Re: [PATCH v2 2/2] mm: fix initialization of struct page for holes in memory layout

Mike Rapoport <rppt@xxxxxxxxxx> · Wed, 6 Jan 2021 10:05:53 +0200

On Tue, Jan 05, 2021 at 01:45:37PM -0500, Qian Cai wrote:
> On Tue, 2021-01-05 at 10:24 +0200, Mike Rapoport wrote:
> > Hi,
> > 
> > On Mon, Jan 04, 2021 at 02:03:00PM -0500, Qian Cai wrote:
> > > On Wed, 2020-12-09 at 23:43 +0200, Mike Rapoport wrote:
> > > > From: Mike Rapoport <rppt@xxxxxxxxxxxxx>
> > > > 
> > > > Interleave initialization of pages that correspond to holes with the
> > > > initialization of memory map, so that zone and node information will be
> > > > properly set on such pages.
> > > > 
> > > > Fixes: 73a6e474cb37 ("mm: memmap_init: iterate over memblock regions
> > > > rather
> > > > that check each PFN")
> > > > Reported-by: Andrea Arcangeli <aarcange@xxxxxxxxxx>
> > > > Signed-off-by: Mike Rapoport <rppt@xxxxxxxxxxxxx>
> > > 
> > > Reverting this commit on the top of today's linux-next fixed a crash while
> > > reading /proc/kpagecount on a NUMA server.
> > 
> > Can you please post the entire dmesg?
> 
> http://people.redhat.com/qcai/dmesg.txt
> 
> > Is it possible to get the pfn that triggered the crash?
> 
> Do you have any idea how to convert that fffffffffffffffe to pfn as it is always
> that address? I don't understand what that address is though.
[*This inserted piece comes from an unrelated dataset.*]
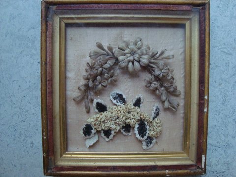 Stor buket lavet af hovedhår, samt en buket lavet af tørrede blomster - alt opsat på silke.
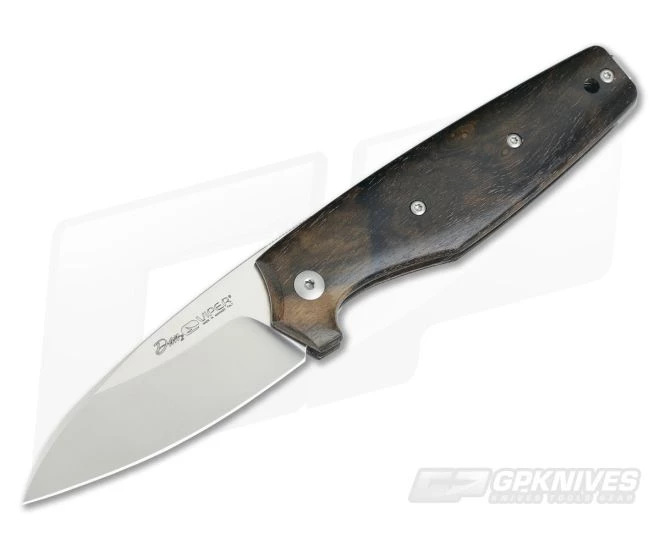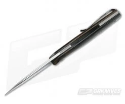 Blade: The Dan 2 sports a Wharncliffe blade made from N690. It has a highly attractive satin finish on the nearly full height flat grind and a slightly crowned spine adding to the classy look of this gentleman’s folder. A short swedge at the tip delivers a fine point for enhanced piercing as well as detail work. This is an everyday workhorse blade wrapped in a classy package.

I tried to catch
> it from struct page pointer and page_address() without luck.

I think we trigger PF_POISONED_CHECK() in PageSlab(), then fffffffffffffffe
is "accessed" from VM_BUG_ON_PAGE().

It seems to me that we are not initializing struct pages for holes at the node
boundaries because zones are already clamped to exclude those holes.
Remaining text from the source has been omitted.